Signs which will accompany the coming of Christ:
v. 25. And there shall be signs in the sun and in the moon and in the stars; and upon the earth distress of nations, with perplexity; the sea and the waves roaring;
v. 26. men's hearts failing them for fear, and for looking after those things which are coming on the earth; for the powers of heaven shall be shaken.
v. 27. And then shall they see the Son of Man coming in a cloud with power and great glory.

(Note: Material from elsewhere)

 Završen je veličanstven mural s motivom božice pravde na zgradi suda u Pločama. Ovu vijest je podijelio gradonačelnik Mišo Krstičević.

Here some of,. the signs that will usher in the great Day of Judgment are enumerated. The laws of nature, which have been fixed by the Creator, will be repealed, and in consequence the universe will dissolve in chaos. Unusual, unheard-of signs will take place in sun, moon, and stars, not those of the regular eclipses or similar phenomena which are governed by fixed laws, but such as will cause fearful consternation from the start, and oppressive distress experienced by the people of the world, together with a helpless perplexity, caused in part also by the noise and billows of the sea. So indescribably dreadful will be the dissolution of the bonds that hold the universe together that the hearts of men will fail them, will be taken out of their bodies for fear and for expectation of the things that are coming and are threatening to engulf the world; for the very powers of the heavens that hold the machinery of the vast sky in place will be moved and shaken. And then, in the midst of all this turmoil, while the cataclysmic disturbances are tossing the world and the entire universe about in utter helplessness, then they, all men, will see the Son of Man, the great Judge of the earth, coming in a cloud, with power and great glory. The despised and rejected, the meek and humble Prophet of Galilee will then have stripped off all evidences of the former humiliation, and all men will be forced to recognize Him as the Lord of all.

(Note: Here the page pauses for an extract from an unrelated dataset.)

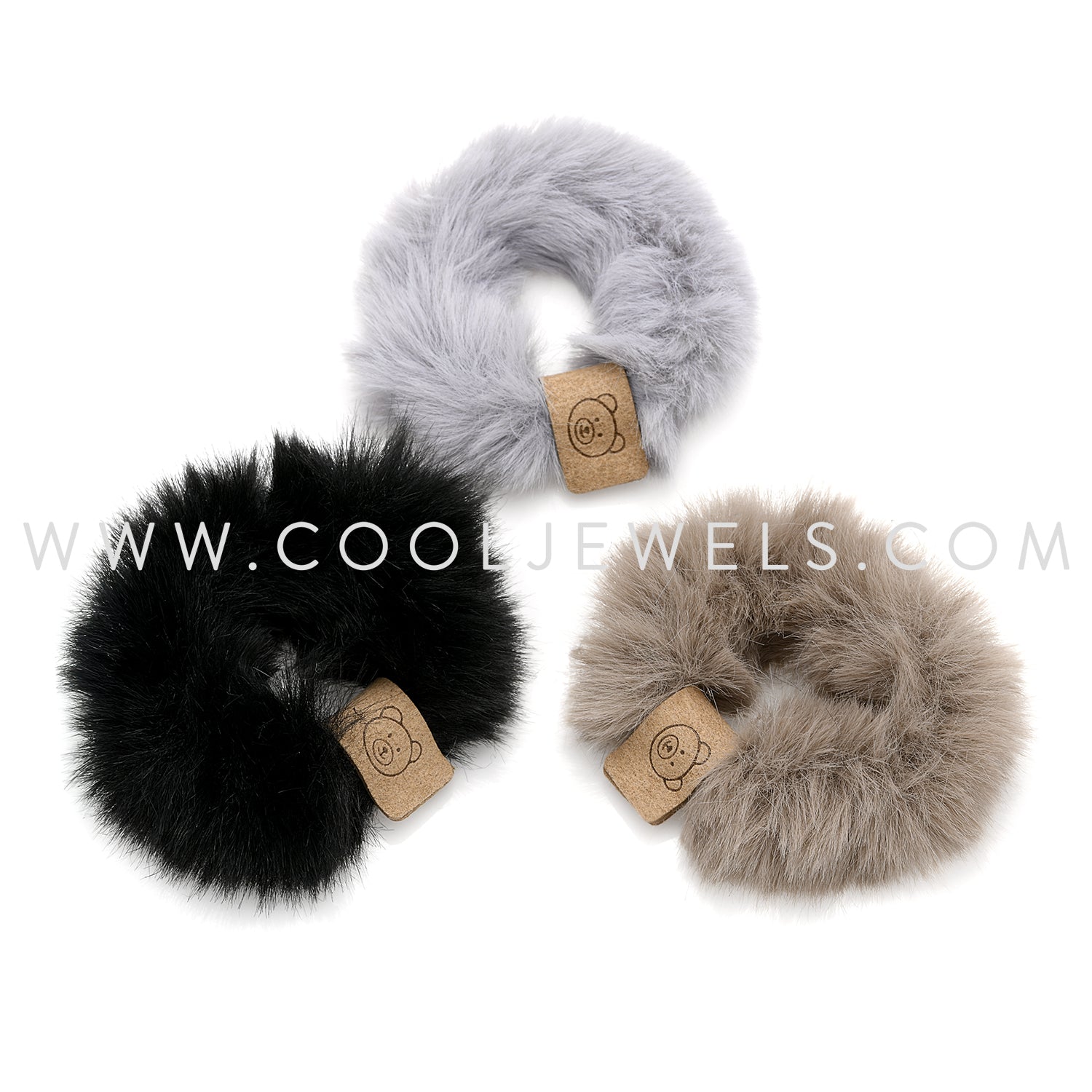 (SET OF 3) FAUX FUR PONY TAIL HOLDERS WITH BEAR - ASSORTED

The comfort of the believers:
v. 28. And when these things begin to come to pass, then look up and lift up your heads; for your redemption draweth nigh.

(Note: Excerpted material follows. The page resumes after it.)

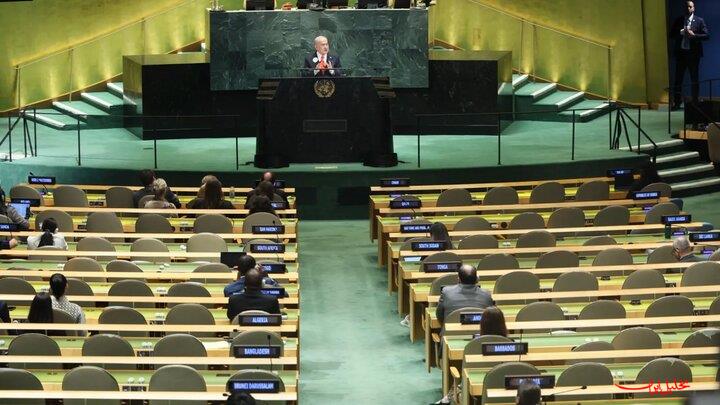 بنیامین نتانیاهو نخست وزیر رژیم صهیونیستی سخنرانی خود را در مجمع عمومی سازمان ملل لحظاتی قبل با یاوه گویی علیه ایران آغاز کرد.

v. 29. And He spake to them a parable: Behold the fig-tree and all the trees;
v. 30. when they now shoot forth, ye see and know of your own selves that summer is now nigh at hand.
v. 31. So likewise ye, when ye see these things come to pass, know ye that the kingdom of God is nigh at hand.
v. 32. Verily I say unto you, This generation shall not pass away till all be fulfilled.
v. 33. Heaven and earth shall pass away; but My words shall not pass away.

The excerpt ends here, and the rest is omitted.